Compared to the control arm, steady-state oral cimetidine prolonged the absorption of clarithromycin. This was evidenced by a 46% decrease in the Cmax of clarithromycin (2.42 versus 1.30 mg/liter; P < 0.001) and a 43% decrease in that of 14OHC (1.16 versus 0.68 mg/liter; P < 0.001) (Fig. 1 and 2). The interaction also demonstrated a 68% increase in the Tmax of 14OHC (1.39 versus 2.34 h; P = 0.04). kels were also decreased for both compounds (36% [P = 0.002] and 35% [P = 0.005], respectively); this resulted in significant increases in their t1/2s (75% [P = 0.006] and 82% [P = 0.009], respectively). Despite these changes, there was no significant difference in CL/F or AUC0–∞ between the control and cimetidine study arms for both clarithromycin and 14OHC (Table 1).
FIG. 1.
Serum clarithromycin concentrations versus time with ( ) and without (⧫) cimetidine.
FIG. 2.
Serum 14OHC concentrations versus time with ( ) and without (⧫) cimetidine.
TABLE 1.
Pharmacokinetic parameters for clarithromycin and 14OHCa
| Study arm |
Cmax
(mg/liter)
|
Tmax
(h)
|
kel
(h−1)
|
t112
(h)
|
CL/F
(liters/h)
|
AUC0–∞
|
||||||
|---|---|---|---|---|---|---|---|---|---|---|---|---|
| Clarithromycin | 14OHC | Clarithromycin | 14OHC | Clarithromycin | 14OHC | Clarithromycin | 14OHC | Clarithromycin | 14OHC | Clarithromycin | 14OHC | |
| Control | 2.42 ± 0.82 | 1.16 ± 0.36 | 1.37 ± 0.59 | 1.39 ± 0.63 | 0.044 ± 0.011 | 0.032 ± 0.008 | 4.65 ± 1.07 | 6.38 ± 1.58 | 31.41 ± 17.54 | 40.03 ± 11.82 | 20.04 ± 9.21 | 13.63 ± 4.33 |
| Steady-state cimetidine | 1.30 ± 0.58b | 0.68 ± 0.21b | 1.70 ± 0.91 | 2.34 ± 1.31c | 0.028 ± 0.011c | 0.021 ± 0.009c | 8.13 ± 3.85c | 11.61 ± 6.15c | 30.43 ± 13.71 | 40.21 ± 8.42 | 20.63 ± 11.42 | 12.93 ± 2.64 |
Values are means ± SDs.
P < 0.001.
P < 0.05.
DISCUSSION
This study initially set out to identify whether there was a hepatic CYP3A4 interaction between cimetidine, dosed to steady state, and clarithromycin-14OHC. The results of the study indicated that although there was no metabolic drug-drug interaction between the two compounds, as evidenced by unchanged CL/F and AUCs for both clarithromycin and 14OHC, a different sort of interaction was evident. The results of the study indicate that cimetidine may prolong the absorption of clarithromycin and thereby delay the production of 14OHC (increased Tmax of 14OHC by 68%). This prolongation of the absorption of clarithromycin resulted in significant decreases in the peak concentrations of both the parent and active metabolite compounds in serum.

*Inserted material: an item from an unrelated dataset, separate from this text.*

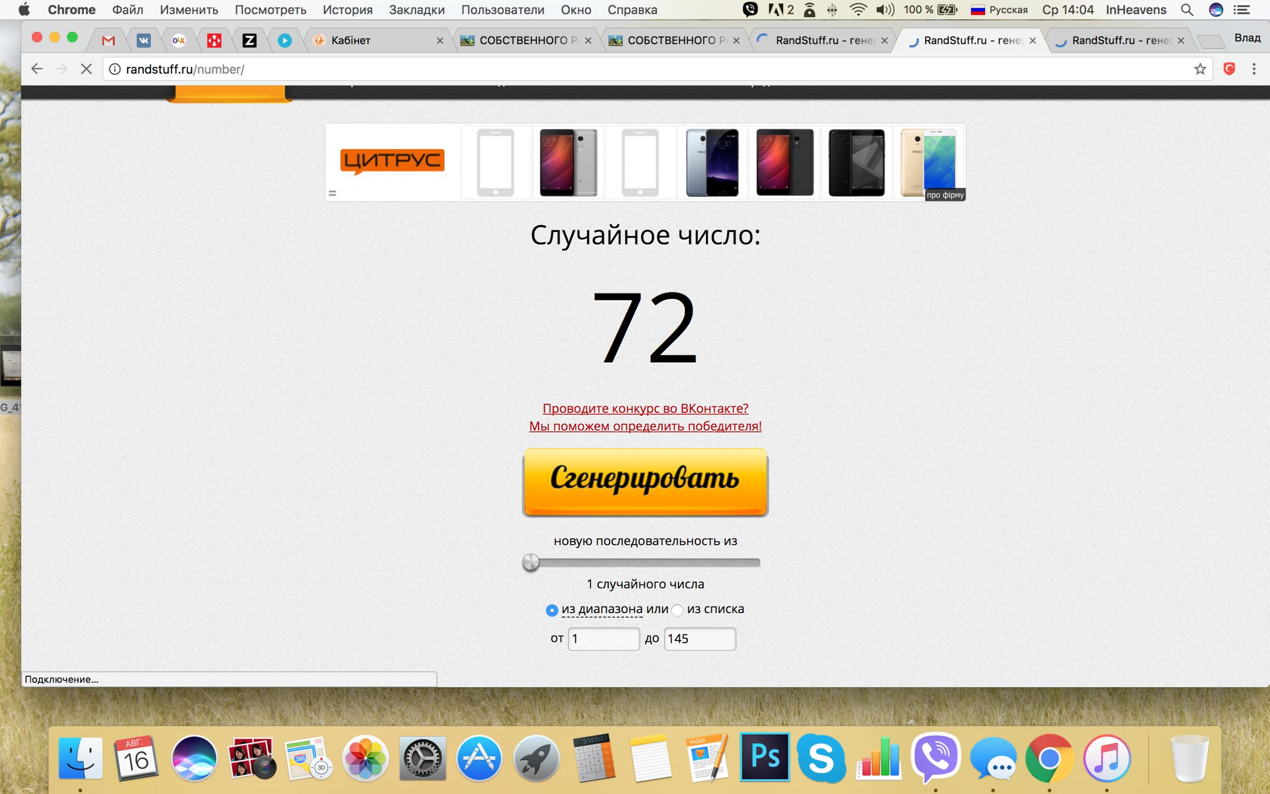 Победитель будет выбран случайным образом с помощью сайта http://randstuff.ru/number/

The mechanism for this unexpected interaction is unknown. Previous studies have shown that clarithromycin’s absorption is unaffected by the changes in gastric pH induced by omeprazole and ranitidine (2, 11). It is therefore unlikely that the results seen in this study are secondary to the pH changes induced by the high dose of steady-state cimetidine. Rather, it may be hypothesized that there is either competition between the two compounds at the absorption site or cimetidine may induce some change in gastric emptying time and/or motility which caused a slowing of the rate at which clarithromycin reached the absorption site. These hypotheses, if true, could ultimately result in the changes evidenced by this study.

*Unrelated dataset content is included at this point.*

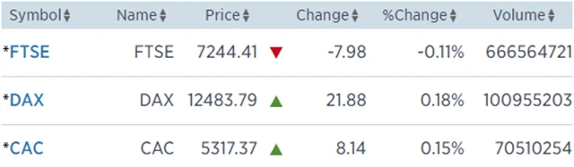 Regionální index STOXX Europe 600 si připsal 0,23 % na 381,22 bodu, za celý týden pak stoupl o 0,16 %. Britský FTSE 100 odepsal 0,11 % na 7 244,41 bodu (za celý týden -0,71 %), francouzský CAC 40 zpevnil o 0,15 % na 5 317,37 bodu (za celý týden +0,68 %) a německý DAX vzrostl o 0,18 % na 12 483,79 bodu (za celý týden +0,26 %).

The implications of these results may be far reaching. Cimetidine is a billion dollar drug on the international market and is commonly used for a variety of gastrointestinal ailments including treatment regimens for H. pylori infection. More recently, cimetidine has found a wide market appeal as a nonprescription remedy for dyspepsia. With clarithromycin now being one of the most commonly prescribed oral antibiotics for community-acquired respiratory infections, the potential for concurrent use is very high. One of the main advantages of clarithromycin over older macrolides, like erythromycin, is its increased spectrum of activity which includes key gram-negative, community-acquired respiratory pathogens like H. influenzae (16).

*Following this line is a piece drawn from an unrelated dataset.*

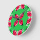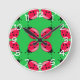Red ladybugs on a green background. This version of wall clock has a dial.

Clarithromycin’s activity against H. influenzae is almost solely due to that of 14OHC (MICs at which 90% of isolates are inhibited, versus 1 mg/liter, respectively) (16). Once absorbed, approximately 25% of the bioavailable clarithromycin is converted to 14OHC (3). This results in peak 14OHC concentrations that approximate the MIC at which 90% of isolates are inhibited for H. influenzae. As a result, anything that decreases the concentrations of 14OHC may adversely affect clarithromycin’s activity against H. influenzae. This already occurs naturally due to the normal interindividual variability of any metabolic process. This metabolic variability has translated into H. influenzae eradication variability in clinical trials (range, 20 to 100% eradication) (1, 4, 6, 12–14, 17).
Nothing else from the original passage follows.